Nothing
#' @title Align Australian plant scientific names to the APC or APNI
#'
#' @description
#' For a list of Australian plant names, find taxonomic or scientific name
#' alignments to the APC or APNI through standardizing formatting and fixing
#' spelling errors.
#'
#' Usage case: Users will run this function if they wish to see the details
#' of the matching algorithms, the many output columns that the matching
#' function compares to as it seeks the best alignment. They may also select
#' this function if they want to adjust the “fuzziness” level for fuzzy
#' matches, options not allowed in create_taxonomic_update_lookup. This
#' function is the first half of create_taxonomic_update_lookup.
#'
#' @details
#' - This function finds taxonomic alignments in APC or scientific name
#' alignments in APNI.
#' - It uses the internal function `match_taxa` to attempt to match input
#' strings to taxon names in the APC/APNI.

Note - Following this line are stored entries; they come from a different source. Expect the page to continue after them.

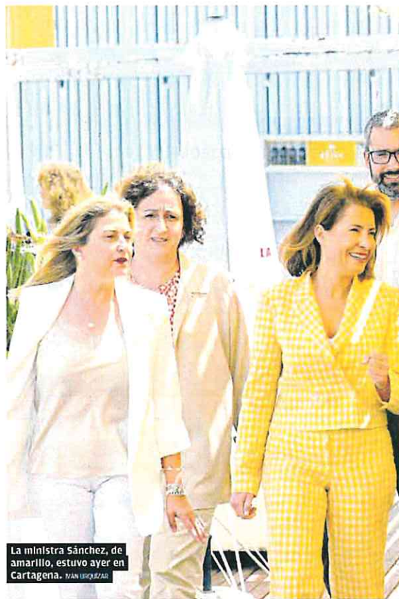
La ministra Sánchez, de amarillo, estuvo ayer en Cartagena.
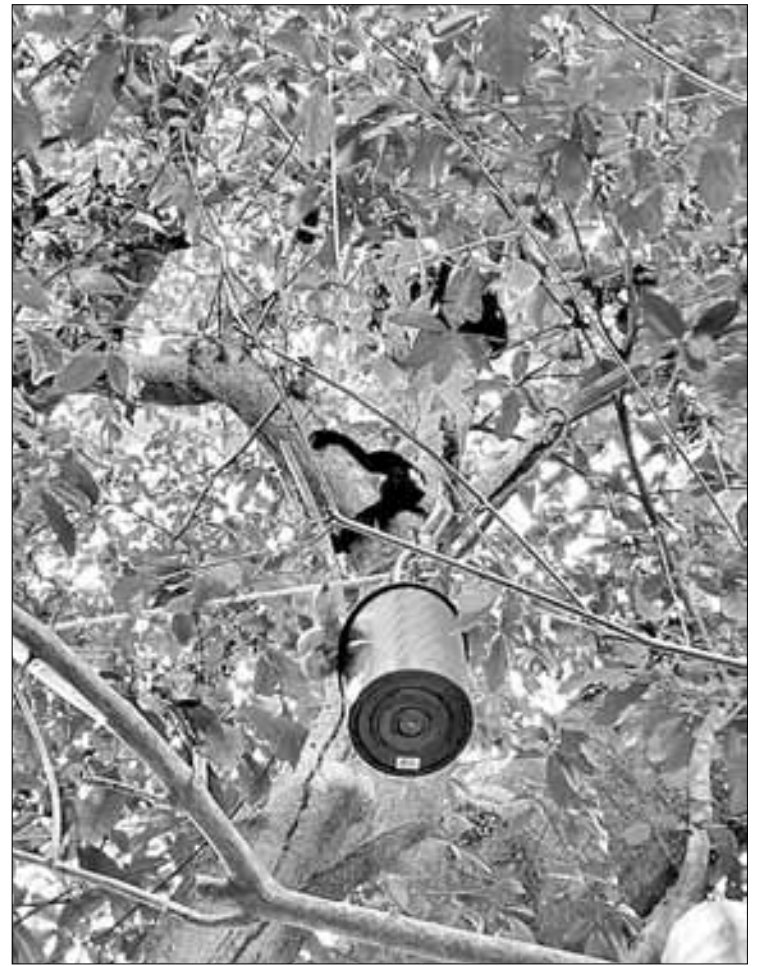
▲ Pobladores de Comalcalco, Tabasco, han colocado cubetas con agua en lo alto de los árboles con la finalidad de que los monos saraguatos puedan hidratarse, luego de la mortandad que ha comenzado a registrarse de esa especie.

Mencionó que “en el transcurso de mayo se han recibido reportes sobre la muerte de ejemplares de vida silvestre, en particular monos aulladores, en la región que comprende la Chontalpa en los municipios de Cunduacán, Comalcalco, Paraíso, Nacajuca y Jalpa de Méndez, en Tabasco, así como en los municipios de Juárez y Pichucalco en Chiapas”.
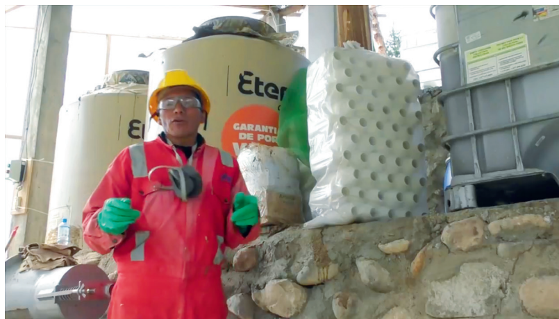
Figura 1. Planta de producción del biofertilizante líquido acelerado en la comunidad Huallquin Grande – Tarma, Junín. 2017.

La tecnología utilizada en plantas de mediana escala en las zonas altoandinas (Figura 1), permite la obtención de biofertilizantes para su posterior aplicación en los diferentes cultivos. Una vez obtenido el producto fermentado, puede ser aplicado vía foliar en cultivos como: maca, quinua, pastos, hortalizas, café, flores, entre otros.
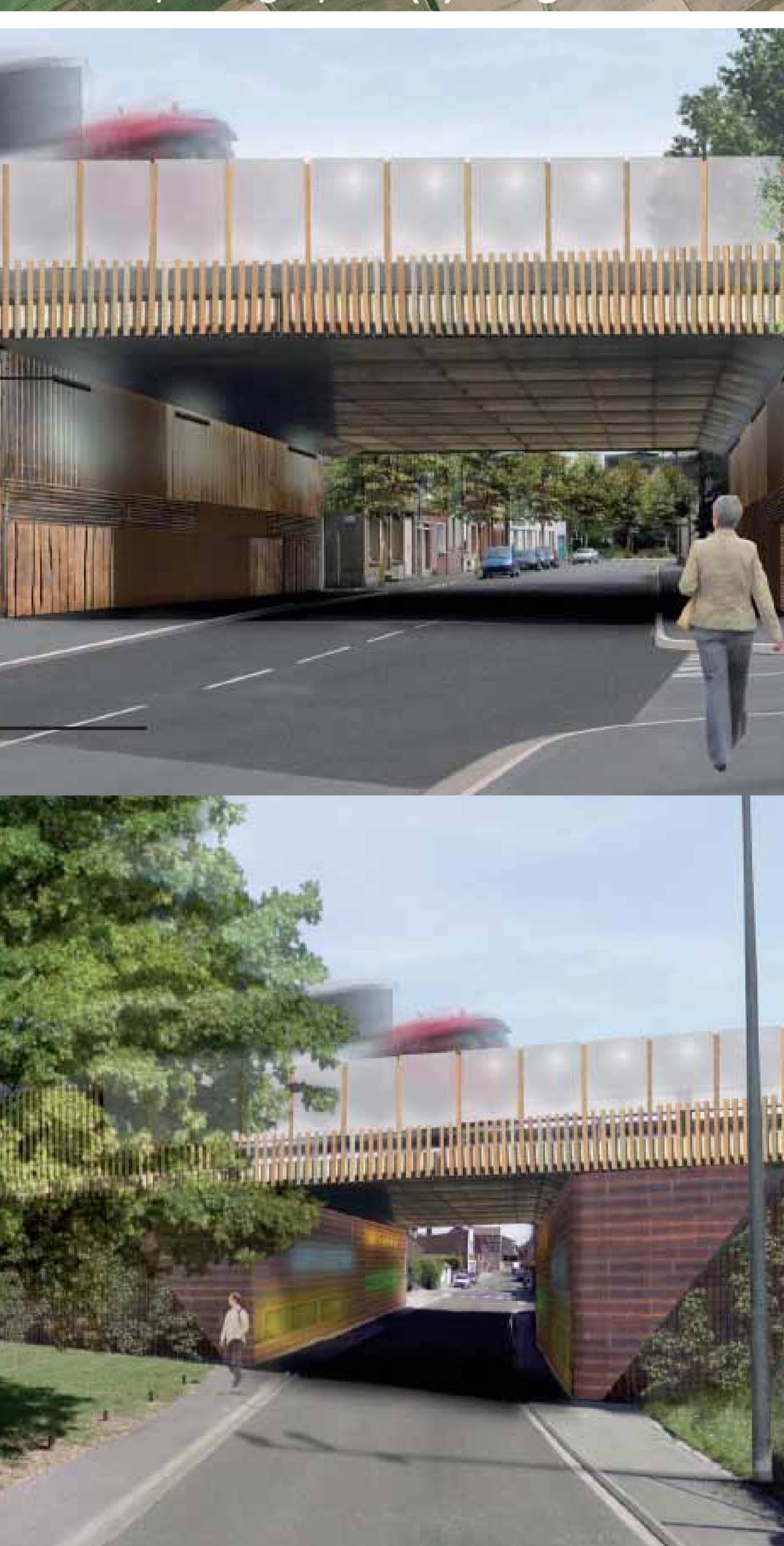
PROPOSITIONS DE TRAITEMENT DES PONTS À DOUBLER
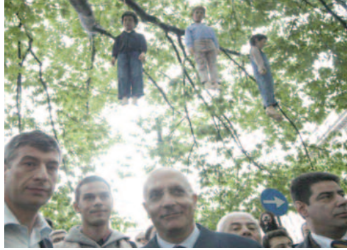
Fig. 5 - Maurizio Cattelan: i Tre bambini-manichini impiccati (2004).

The project consisted in building a laboratory, a mobile interactive structure: a large cube that opens under a curtain. This device transported on a small truck (such as a construction site) made it possible to set up the old town squares with extreme simplicity. Once set up, the device allowed the staff to interact directly with the population, using art as a main means of communication and 'poor' artistic production. This type of operation solidifies on the concept of 'kunstwollen' and hence on the democratic nature of being able to become popular as a form of art, thus enabling it to strike the deepest cultural corpus of a population with an average low artistic level of knowledge. The artistic participation of Piano is fundamentally a teaching tool. What seems extremely important is that this type of operation can be considered the progenitor of all those activities of contemporary participation. Perfectly in line with social speculation made in Italy in the 70s and 80s, it locates in the direct artistic experience the means for retraining space, it is not the work of art itself to be a reaction element, but is what remains after its move to reacting to the population. The spatial modification that this device leaves as a trace is almost nothing because of its intent and trigger long-term space-changing mechanisms that arise through a fleeting artistic experience that changes the awareness of the one who accomplished it. Creating a new know how to make a
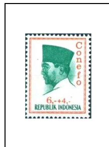
6 r + 4 r 417
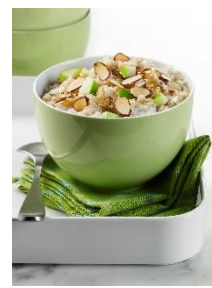
15. miska – bowl
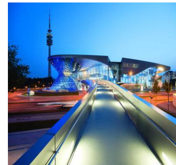
BMW WELT | MÜNCHEN
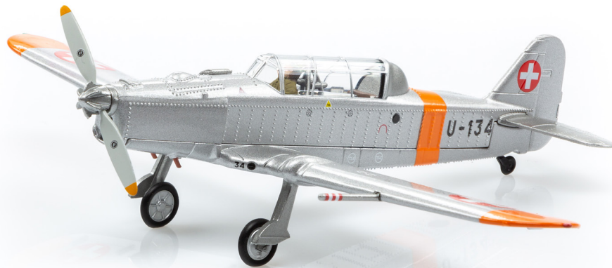
Pilatus P-2-06 U-134 (1970)
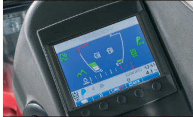
Přehledný displej přístrojové desky. ECO - režim ke zvýšení účinnosti a snížení spotřeby nafty..
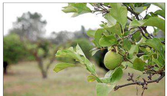
El Parc Agrari Nord apuesta por la agricultura ecológica.
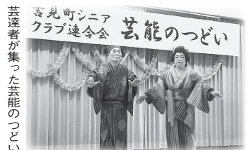
芸連者が集った芸能のつどい
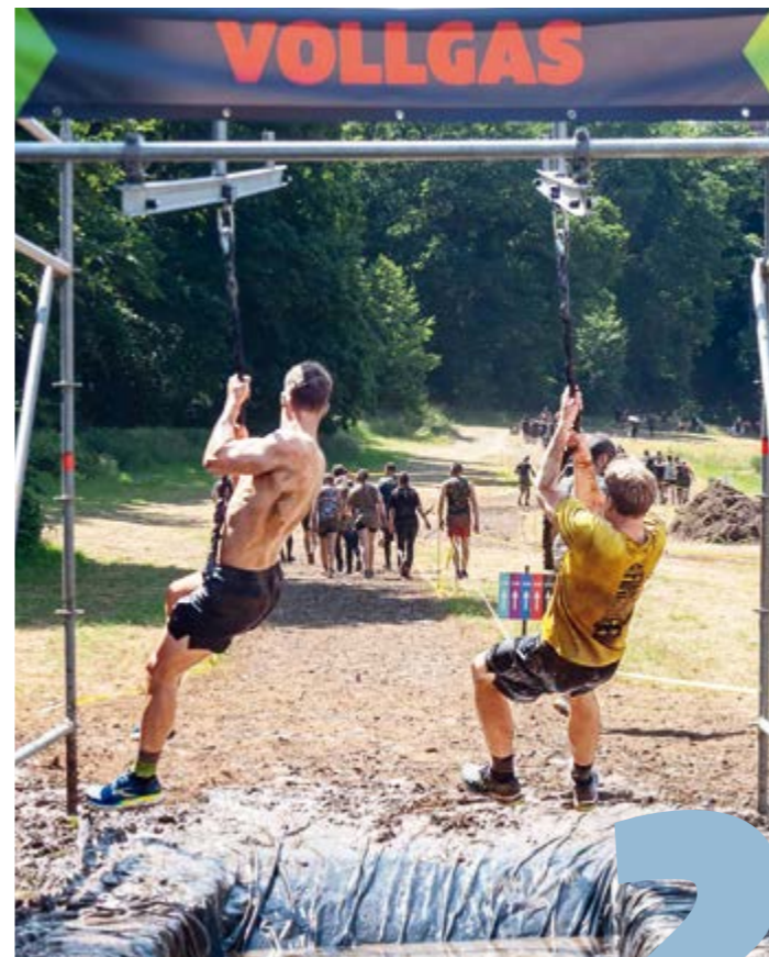
Fotos: Tim Wegner / Anna-Kristina Bauer (2) / privat / Mud Masters Cover: Anna-Kristina Bauer

#' - It sequentially searches for matches against more than 20 different string
#' patterns, prioritising exact matches (to accepted names as well as
#' synonyms, orthographic variants) over fuzzy matches.
#' - It prioritises matches to taxa in the APC over names in the APNI.
#' - It identifies string patterns in input names that suggest a name can only
#' be aligned to a genus (hybrids that are not in the APC/APNI; graded species;
#' taxa not identified to species), and indicates these names only have a
#' genus-rank match.
#'
#' Notes:
#'
#' - If you will be running the function APCalign::create_taxonomic_update_lookup
#' many times, it is best to load the taxonomic resources separately using
#' resources <- load_taxonomic_resources(), then add the argument
#' resources = resources
#' - The name Banksia cerrata does not align as the fuzzy matching algorithm
#' does not allow the first letter of the genus and species epithet to change.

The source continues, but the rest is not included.